• [Data segment]
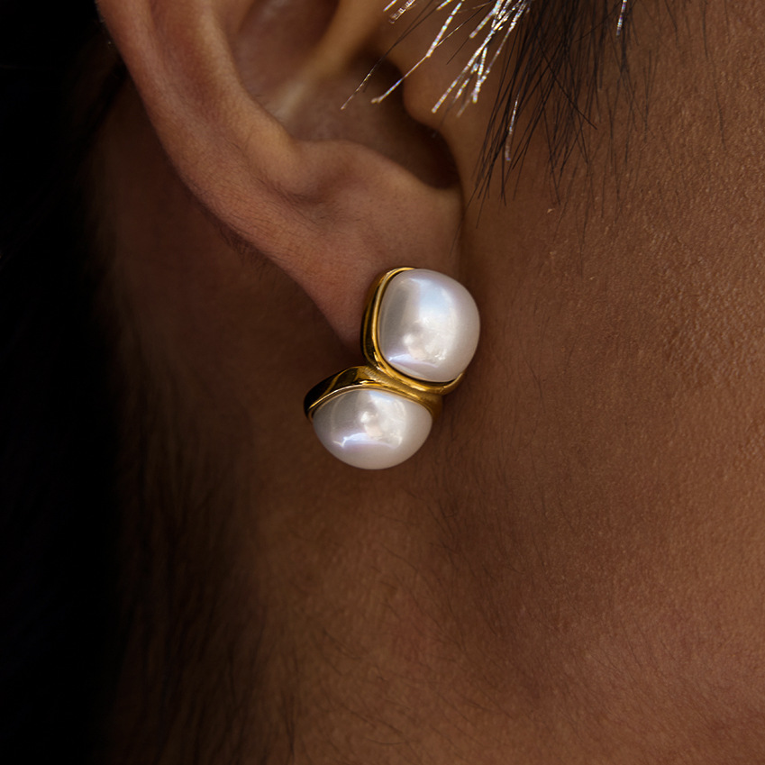 Orecchini in acciaio inossidabile, 304 acciaio inox, with perla in plastica, placcato color oro, gioielli di moda, nessuno, Venduto da coppia
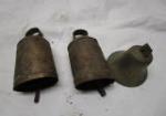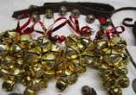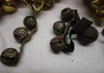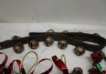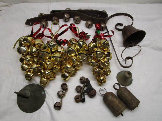 This selection of new and vintage bells includes four strands of new holiday bells, two vintage cow bells, an antique "shop keepers bell" two school bells and a set of sleigh bells. These items are "barn finds" and are in previously owned vintage condition. Some pieces are rusty due to age. Please preview.
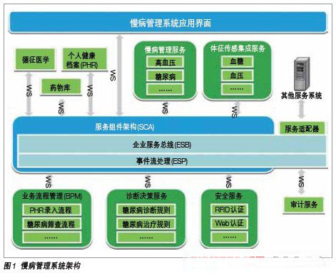 慢病管理系統(tǒng)的完整架構(gòu),強(qiáng)調(diào)了SOA架構(gòu)的靈活性和通用性。
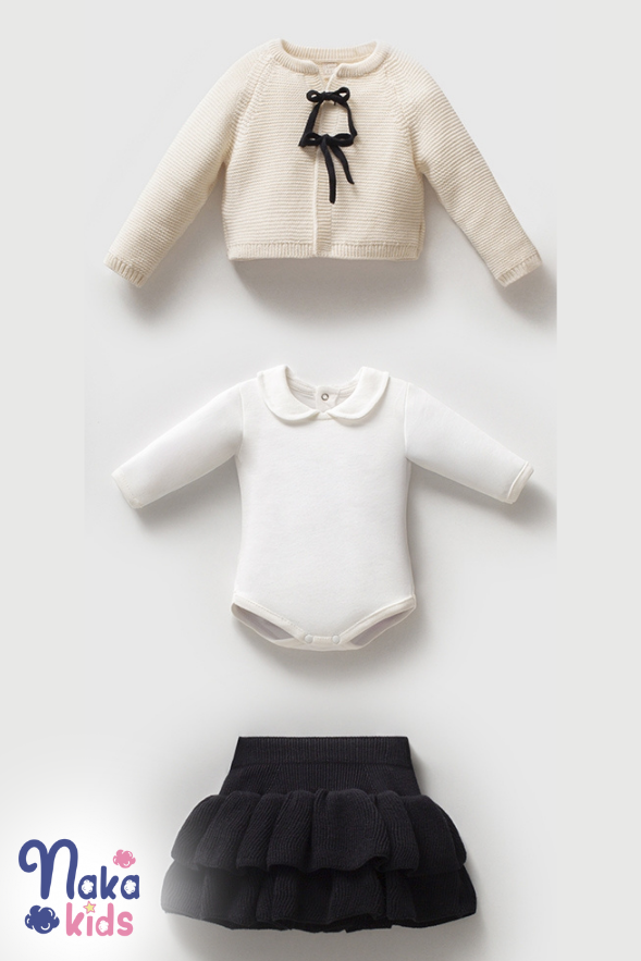 Takımın iç parçası; alttan çıtçıtlı, uzun kollu, beyaz renkte klasik bebe yakalı body. Üzerine giyilen ekru triko ceket, önden iki bağcık detayıyla tamamlanıyor. Bağlama ipi, eteğin rengiyle uyumlu düşünülerek tasarlandı.

• [What is needed]
Starting at the line that holds "This selection of", write out every remaining line of the material above exactly as it appears. Pictures should not be copied.

• [Problem solution]
 This selection of new and vintage bells includes four strands of new holiday bells, two vintage cow bells, an antique "shop keepers bell" two school bells and a set of sleigh bells. These items are "barn finds" and are in previously owned vintage condition. Some pieces are rusty due to age. Please preview.
 慢病管理系統(tǒng)的完整架構(gòu),強(qiáng)調(diào)了SOA架構(gòu)的靈活性和通用性。
 Takımın iç parçası; alttan çıtçıtlı, uzun kollu, beyaz renkte klasik bebe yakalı body. Üzerine giyilen ekru triko ceket, önden iki bağcık detayıyla tamamlanıyor. Bağlama ipi, eteğin rengiyle uyumlu düşünülerek tasarlandı.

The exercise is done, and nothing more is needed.